The Clinical Question: Is amitriptyline a safe and effective choice for Mr. Chen?
  1. Step 1: Identify Relevant Genes.

    My first step is to determine which genes on this report are relevant to amitriptyline. I don’t rely on memory. I go to PharmGKB.org and search for “amitriptyline.” I look at the pathway diagram and the top-level clinical annotations. PharmGKB confirms that amitriptyline is metabolized to its active metabolite, nortriptyline, primarily by CYP2C19. Both the parent drug and the active metabolite are then cleared from the body primarily by CYP2D6. Therefore, both genes are highly relevant.

  2. Step 2: Verify the Phenotype Interpretation.

    The lab report calls a `CYP2D6 *10/*10` genotype an “Intermediate Metabolizer.” Is this correct? I go to cpicpgx.org, navigate to the “Genes” tab, and click on “CYP2D6.” I open the “Allele Definition” table. I confirm that `*10` is classified as a “Decreased Function” allele with an activity score of 0.5. I then open the “Diplotype-to-Phenotype” table. For a diplotype with a total activity score of 1.0 (0.5 + 0.5), CPIC assigns the phenotype of “Intermediate Metabolizer.” The lab report is consistent with the CPIC definition. I repeat this process for `CYP2C19 *1/*2` and confirm its IM status as well.

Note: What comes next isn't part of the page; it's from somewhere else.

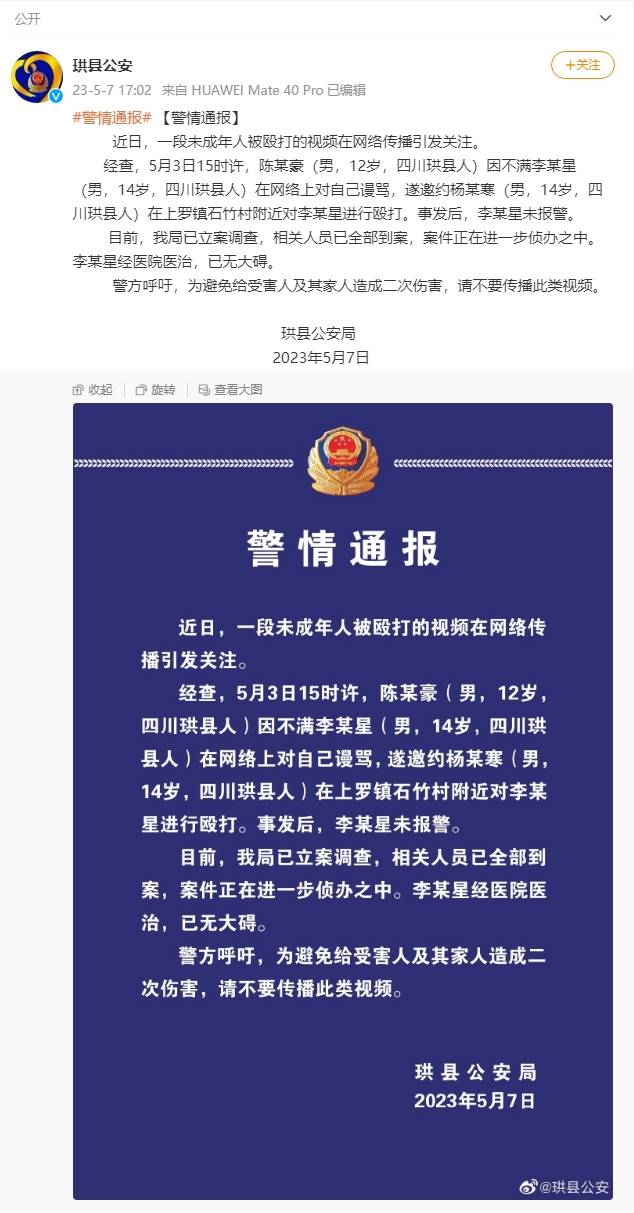 据@珙县公安,珙县公安局5月7日发布警情通报称,近日,一段未成年人被殴打的视频在网络传播引发关注。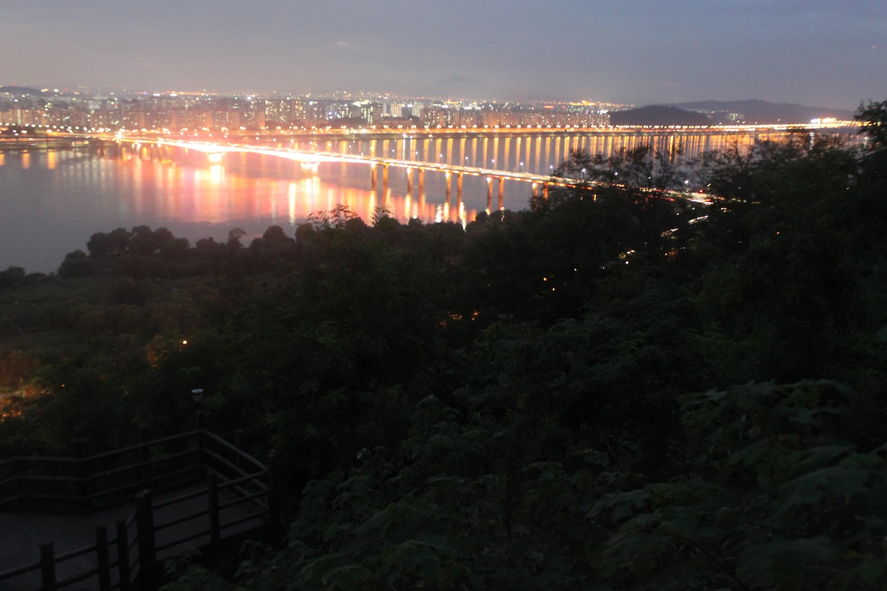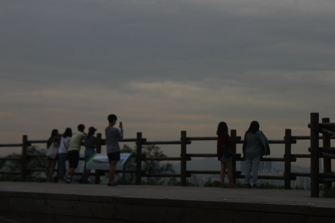 잠깐 숨을 돌린 후 길을 걷는데 어두워져도 조명이 켜지지 않아 조금 으스스하다. 전망대에 아이가 있는 한가족이 있는데 어둠 속에 서로 경계하는 것 같아 조용히 지나친다.

  3. Step 3: Consult the CPIC Guideline for an Actionable Recommendation.

    Now that I have the verified phenotypes, I consult the CPIC guideline for Tricyclic Antidepressants. I find the Dosing Recommendations table. I look for the row corresponding to a “CYP2D6 Intermediate Metabolizer” and/or “CYP2C19 Intermediate Metabolizer.”

    The guideline states for a CYP2D6 IM: “Consider a 25% reduction of the recommended starting dose… monitor for response and side effects.” It gives a similar recommendation for a CYP2C19 IM regarding tertiary amines like amitriptyline. Since Mr. Chen has reduced function in both key metabolic pathways, he is at a substantially elevated risk of accumulation and toxicity.

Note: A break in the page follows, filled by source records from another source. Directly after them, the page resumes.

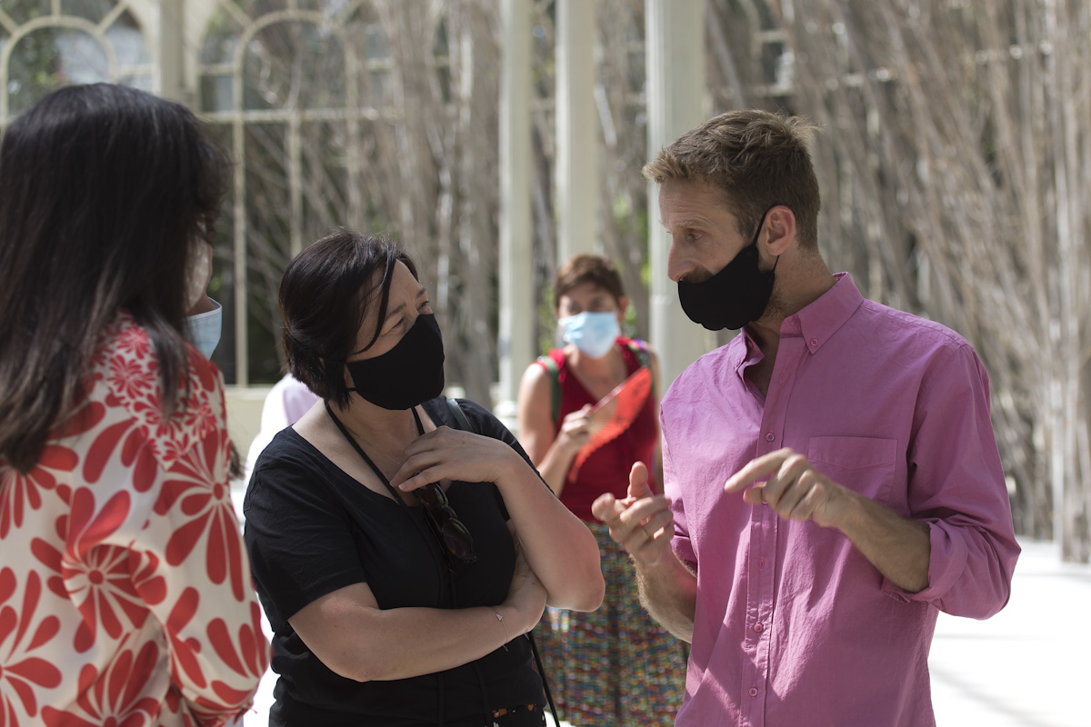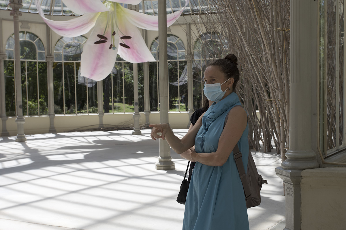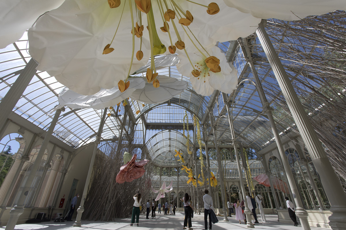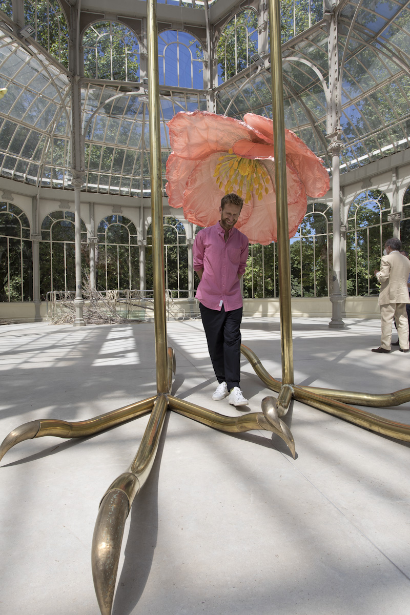 El otro componente fundamental de la exposición son las grandes flores que decoran el Palacio. Están realizadas en un marco de acero y lienzo pintado, y son fruto del trabajo colaborativo con su compañero Álvaro Urbano, también artista. Su elección forma parte de la historia personal que les une y tiene el propósito de celebrar su relación: forsythias, semillas de palma, flores de cerezo, amapola, clavel y lirio. Todas ellas son flores que tiene un significado especial para el artista, ya que han formado parte de su vida en momentos puntuales de su relación con sus familiares y con los de Álvaro.“He querido tratar el Palacio de Cristal como un lugar de celebración del amor, y en origen, este proyecto incluía una performance simbólica simulando una unión matrimonial entre Álvaro y yo”.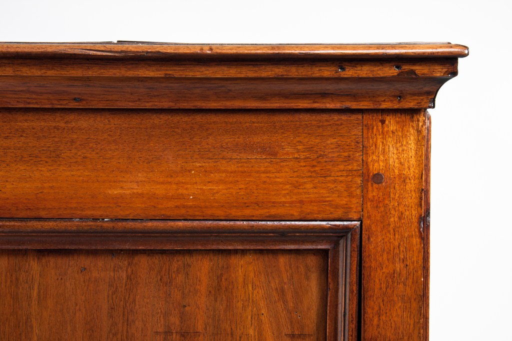 The joiner William Till, with whom Beakes was apprenticed, died in 1711 and it has been suggested that Beakes signed and dated the chest to “mark and celebrate his entry into the trade as a free artisan.” This is a possible explanation for the signature but the last numeral is not visible. It’s possible the full date was not readable even during its construction. Chamfering, or feathering, the top edge of the panel to fit it to the top rails of the side may removed part of or all of the last numeral.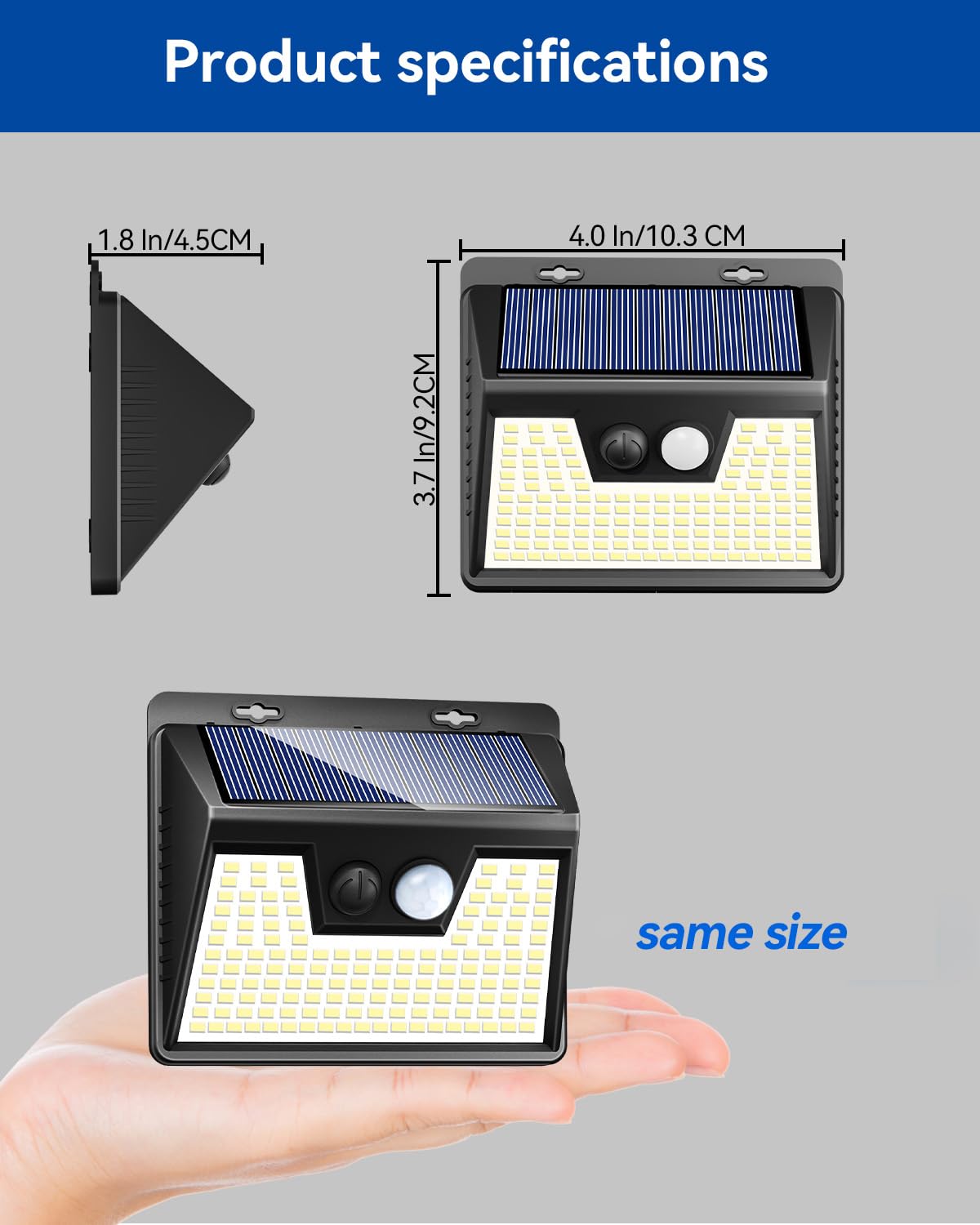 - **Advanced Motion Detection**: Built-in PIR motion sensors detect movement up to 4-5 meters away with a 120° detection angle, automatically activating the lights for enhanced security.

  4. Step 4: Synthesize and Deliver the Recommendation.

    I am now ready to contact the provider with a confident, multi-layered, evidence-based recommendation.

    Your Script for the Provider

    “Hi Dr. Evans, this is the pharmacist calling about Mr. Chen’s PGx results. We received the report, and it provides a clear reason for his family history of medication sensitivity and helps us optimize his new therapy.

    “The results show he is both a CYP2D6 and a CYP2C19 Intermediate Metabolizer. Amitriptyline is heavily metabolized by both of these enzymes. The CPIC guidelines recommend a dose reduction for reduced function in either pathway; because Mr. Chen has reduced function in both, he is at a very high risk of accumulating the drug and experiencing severe anticholinergic side effects, especially given his age.

    “Therefore, I recommend we avoid amitriptyline as a first-line agent. A much safer choice would be an agent that is not a primary substrate of either enzyme, such as desvenlafaxine or vortioxetine. This would give us the best chance of achieving an effective dose without causing problematic toxicity. Would you like me to put in an order for desvenlafaxine to start?”